_EXERCISE PROMPT_
Leaving out every picture, retype the lines below from the top through the one that contains "Decorate your Cake".

Records from a data collection
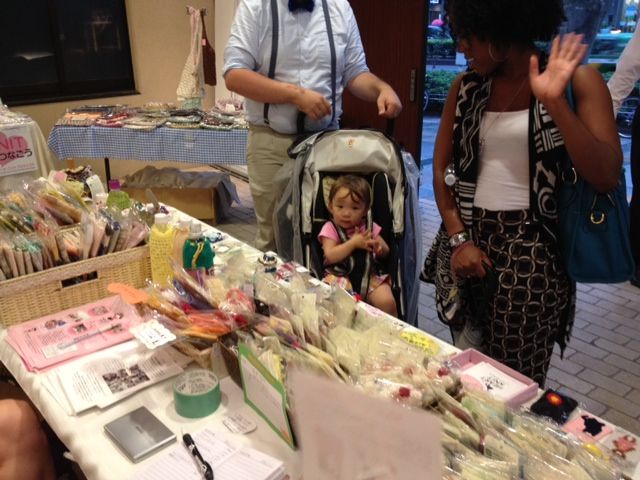 スタートの時点で販売ボランティアは二人。たまたま私と友達の二人。二人で呼び込むフレーズを考えてみました。
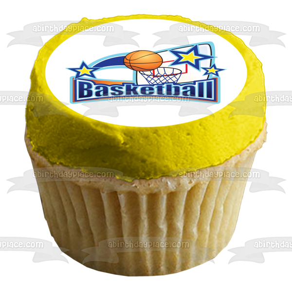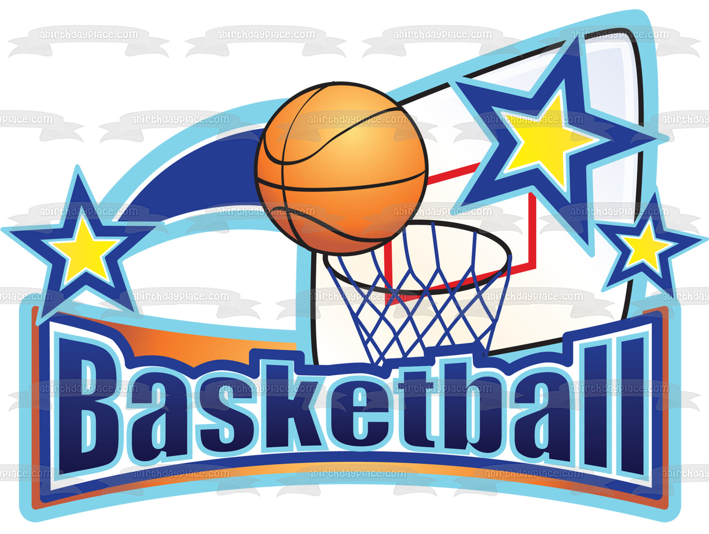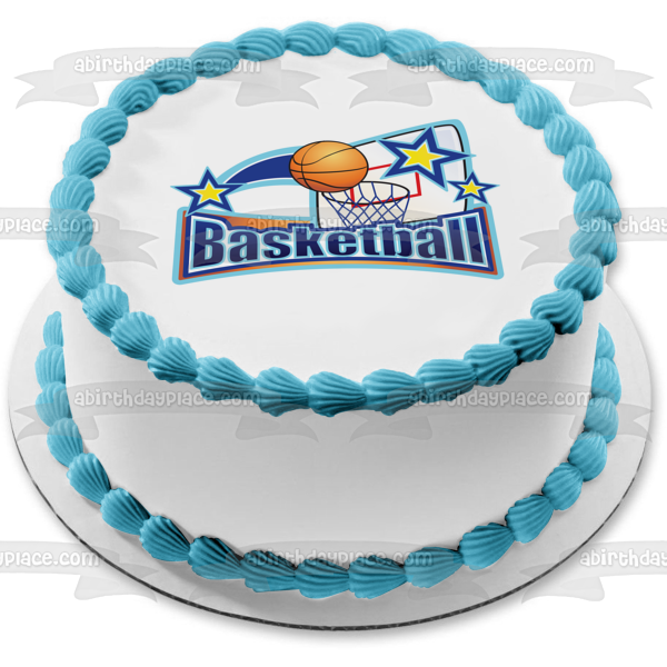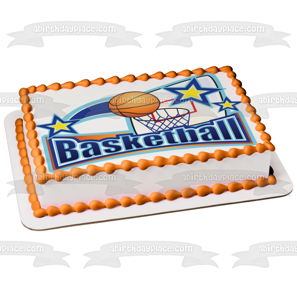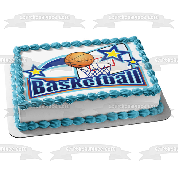Decorate your Cake with this Sports themed Edible Cake Topper Image featuring a Basketball going into a Hoop with Yellow Stars around the Backboard
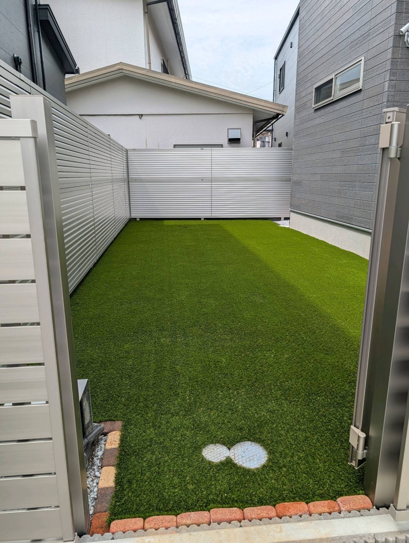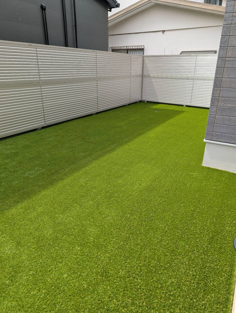 土のお庭から、30mm人工芝へリフォーム☆彡 今回は約38㎡の施工でした! ビフォーは土の状態で、 ・汚れやすい ・雑草の心配 ・使いにくさ が気になるお庭でしたが、、、 施工後は、見た目もスッキリ&使いやすいお庭に^^ さらに今回は ✔ マスが複数(計4ヶ所) ✔ 水栓・配管あり ✔ 今後フェンス設置予定 と、細かな調整が必要な現場。
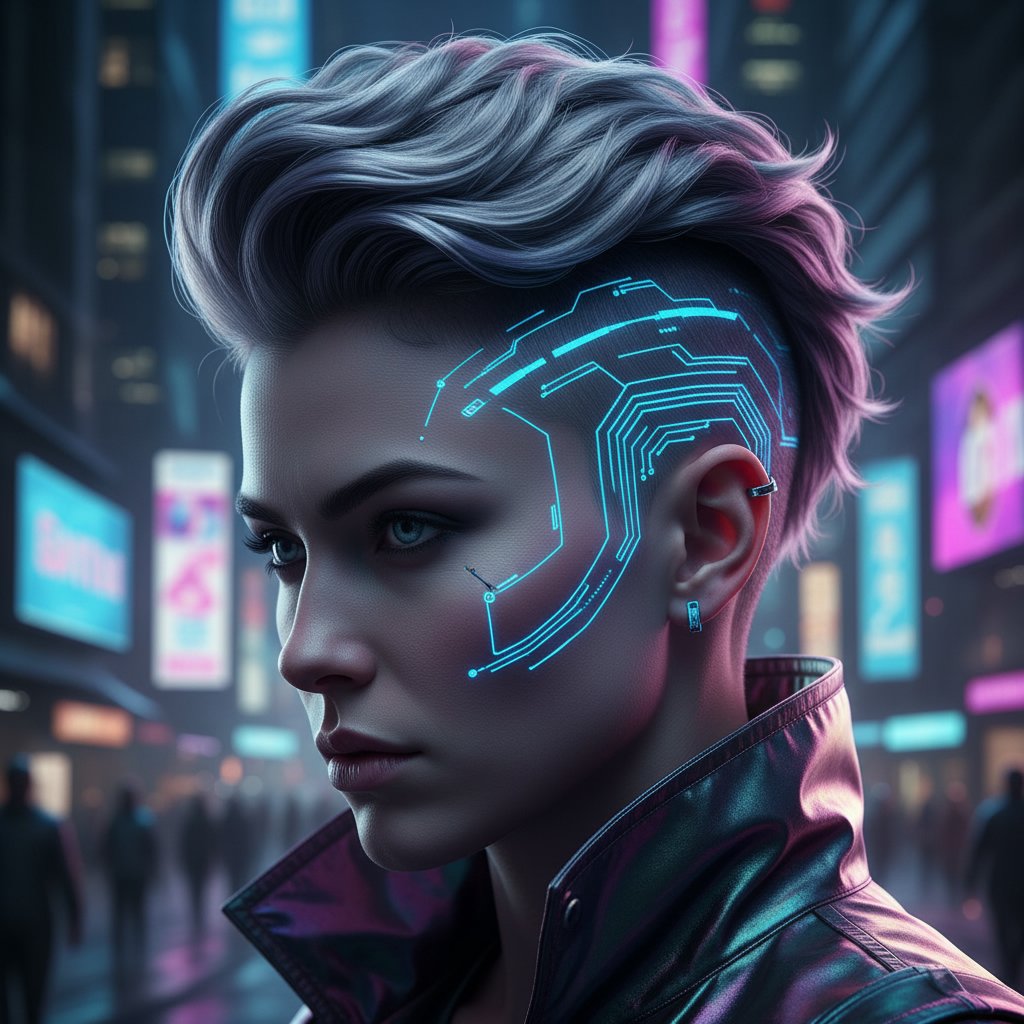 Futuristic lines and patterns create a high-impact visual on the shaved side of this undercut, perfect for the bold at heart.
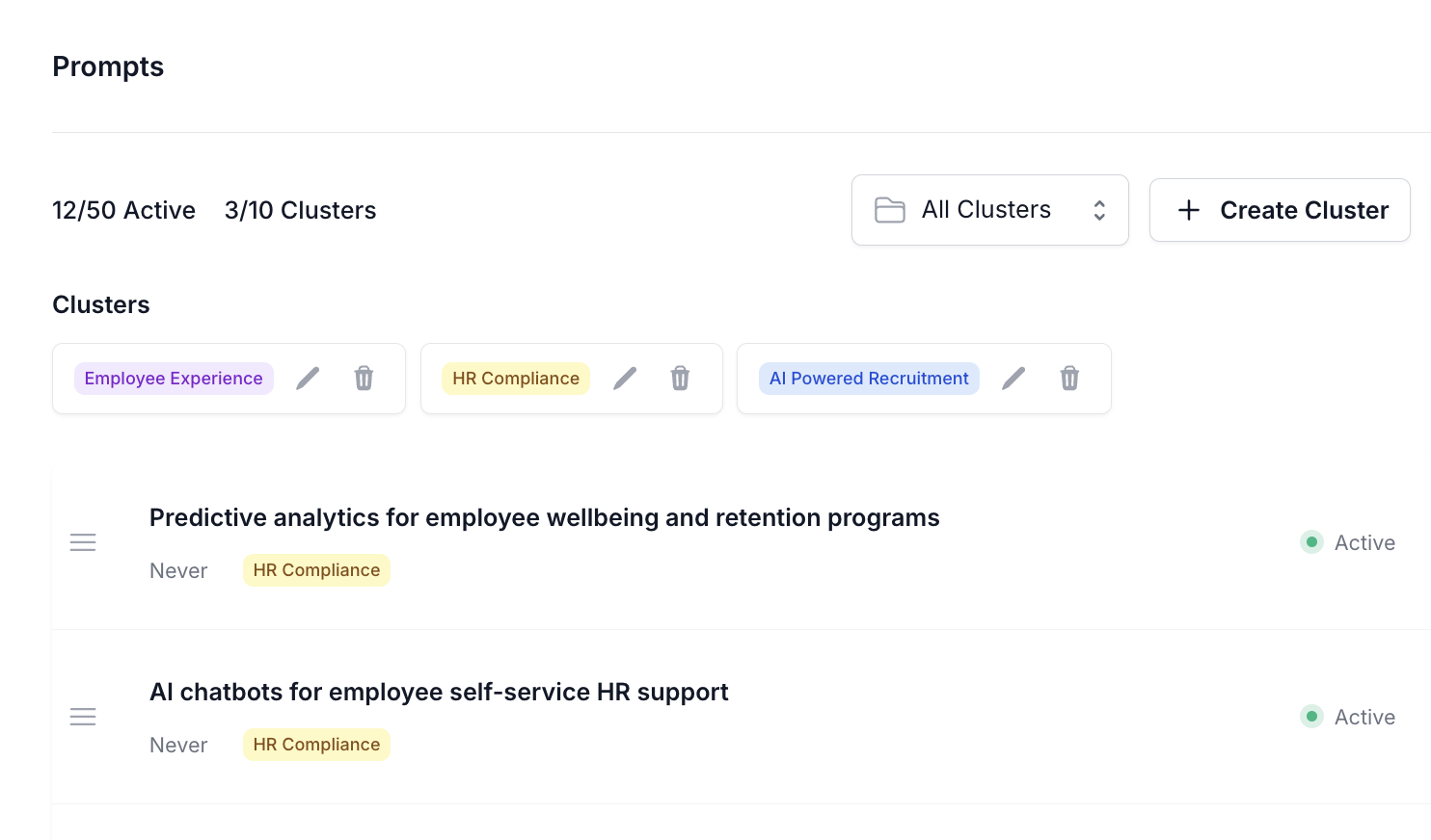 Build out a robust selection of prompts and organize them with advanced segmentation via topic clusters. Filter by clusters to drill down into specific areas of your brand's AI search performance.

_RESPONSE AREA_
 スタートの時点で販売ボランティアは二人。たまたま私と友達の二人。二人で呼び込むフレーズを考えてみました。
Decorate your Cake with this Sports themed Edible Cake Topper Image featuring a Basketball going into a Hoop with Yellow Stars around the Backboard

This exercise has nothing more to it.